In vitro inhibitory efficacies of two chemical fungicides pyraclostrobin and iminoctadine tris (albesilate) on mycelial growths of Colletotrichum fructicola isolate SAn-3, Phytophthora cactorum isolate P-9815 (KACC 40183) and Lasiodiplodia theobromae isolate LT120902. (A) Colony formations of C. fructicola, P. cactorum, and L. theobromae on 1/2-potato dextrose agar media containing different concentrations of pyraclostrobin and iminoctadine tris (albesilate), and cultured at 25°C for 5, 10, and 2 days for C. fructicola, P. cactorum, and L. theobromae, respectively. (B) Relative mycelial growths (%) of C. fructicola, P. cactorum, and L. theobromae. Bars represent the standard errors of the means of the five independent experimental replications. Each experiment has four replications. Means followed by the same letters are not significantly different at 5% level by least significant difference test.

Fig. 2

In vitro inhibition of mycelial growths of Colletotrichum fructicola, Phytophthora cactorum, and Lasiodiplodia theobromae by dual cultures with Bacillus siamensis H30-3. (A) Mycelial cultures on 1/2-potato dextrose agar media in the absence or presence of B. siamensis H30-3 co-culture at 25°C. Photos were taken 8, 16, and 4 days after inoculation of C. fructicola, P. cactorum, and L. theobromae, respectively. (B) Inhibited mycelial growths shown by half of the colony diameter after co-culture. Bars represent the standard errors of the means of the five independent experimental replications. Each experiment has four replications. Asterisks indicate significant differences as determined by Student’s t-test (P < 0.05).

Fig. 3

In vitro inhibition of mycelial growths of Colletotrichum fructicola, Phytophthora cactorum, and Lasiodiplodia theobromae by Bacillus siamensis H30-3 volatiles. (A) Schematic diagram showing antimicrobial volatiles from B. siamensis H30-3 against phytopathogens. Nine drops (5 μl each) of B. siamensis H30-3 suspension (108 cfu/ml) were inoculated on tryptic soy agar (TSA), nutrient agar (NA), and Luria-Bertani agar (LBA). Arrows indicate releasing volatiles onto mycelia of the phytopathogens. (B) Pathogen cultures on 1/2-potato dextrose agar (PDA) media in the absence and presence of B. siamensis H30-3 volatiles on the three different growth media at 25°C. Photos were taken 5, 10, and 2 days after inoculation of C. fructicola, P. cactorum, and L. theobromae, respectively. (C) Colony diameters (mm) of C. fructicola, P. cactorum, and L. theobromae treated with B. siamensis H30-3 volatiles.
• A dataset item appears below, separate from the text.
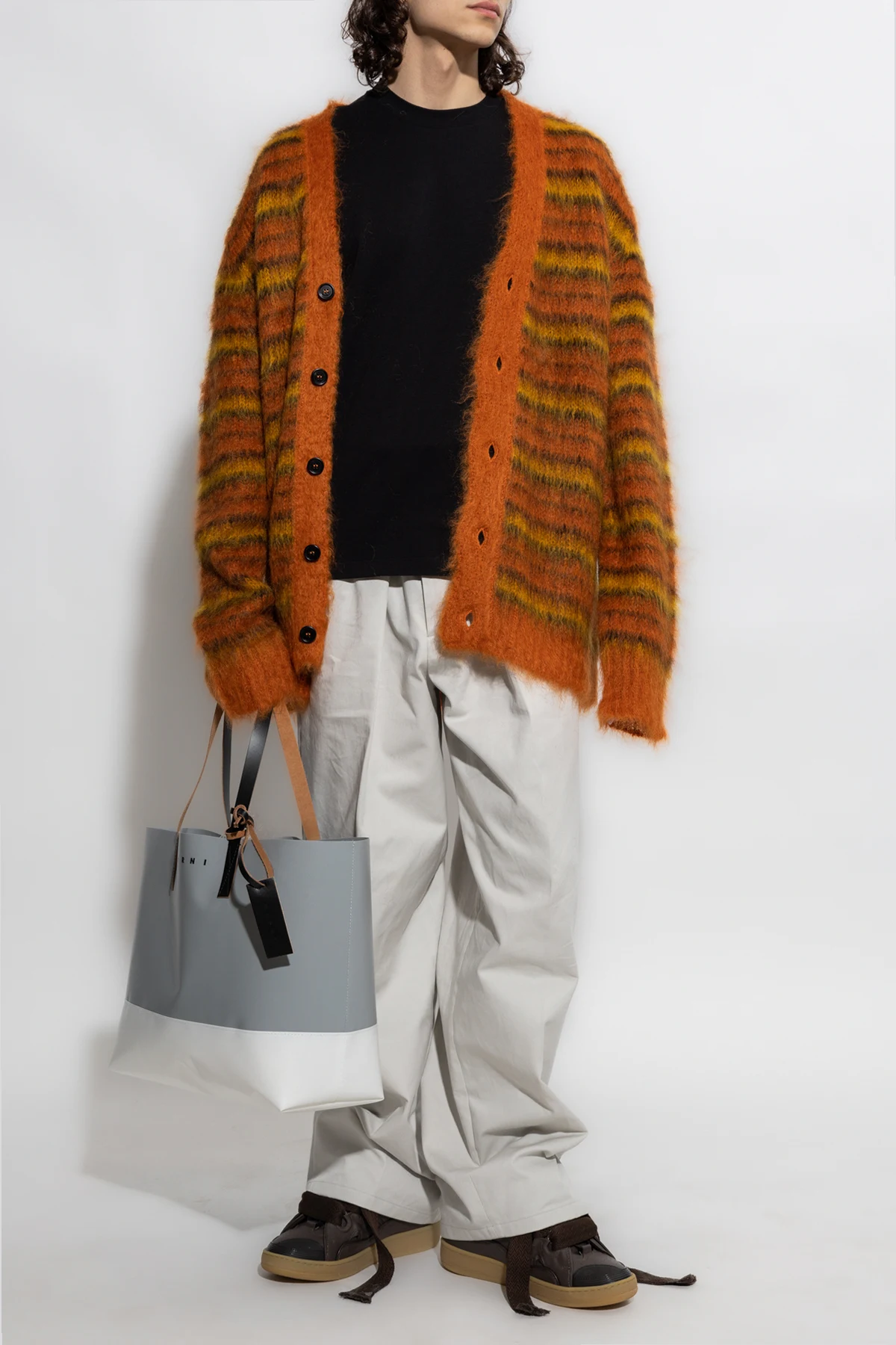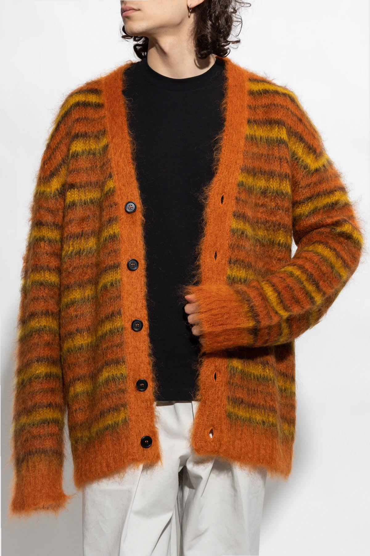 Orange, brown and yellow cardigan from Marni. Crafted from a mohair blend, this style fastens with buttons and showcases a stripe pattern, a V-neckline and ribbing on the collar, bottom hem and long sleeves.

Bars represent the standard errors of the means of the six independent experimental replications. Each experiment has four replications. Asterisks indicate significant differences as determined by Student’s t-test (P < 0.05).

Fig. 4

Effects of pyraclostrobin and iminoctadine tris (albesilate) on in vitro growth of Bacillus siamensis H30-3. Bacterial suspensions in nutrient broth liquid media with or without different concentrations of the two fungicides were cultured and relative bacterial growths in response to the two fungicides were demonstrated as percentage (%) compared to those in untreated culture. Values presented are means and error bars indicated the standard errors of the means of five independent experimental replications. Each experiment has four replications. Means followed by the same letters are not significantly different at 5% level by least significant difference test.

Fig. 5

Antimicrobial activities of chemical fungicides pyraclostrobin and iminoctadine tris (albesilate) with or without volatiles from Bacillus siamensis H30-3. Mycelial growths of Colletotrichum fructicola, Phytophthora cactorum and Lasiodiplodia theobromae on 1/2-potato dextrose agar (PDA) media supplemented with pyraclostrobin (P) (0.00625 mg/ml) and/or iminoctadine tris (albesilate) (I) (0.00625 μg/ml). The PDA media were covered by tryptic soy agar media inoculated by B. siamensis H30-3. Colony diameters were measured after cultures at 25°C for 5, 10, and 2 days for C. fructicola, P. cactorum and L. theobromae, respectively. Values presented are means and error bars indicated the standard errors of the means of five independent experimental replications. Each experiment has four replications. Means followed by the same letters are not significantly different at 5% level by least significant difference test.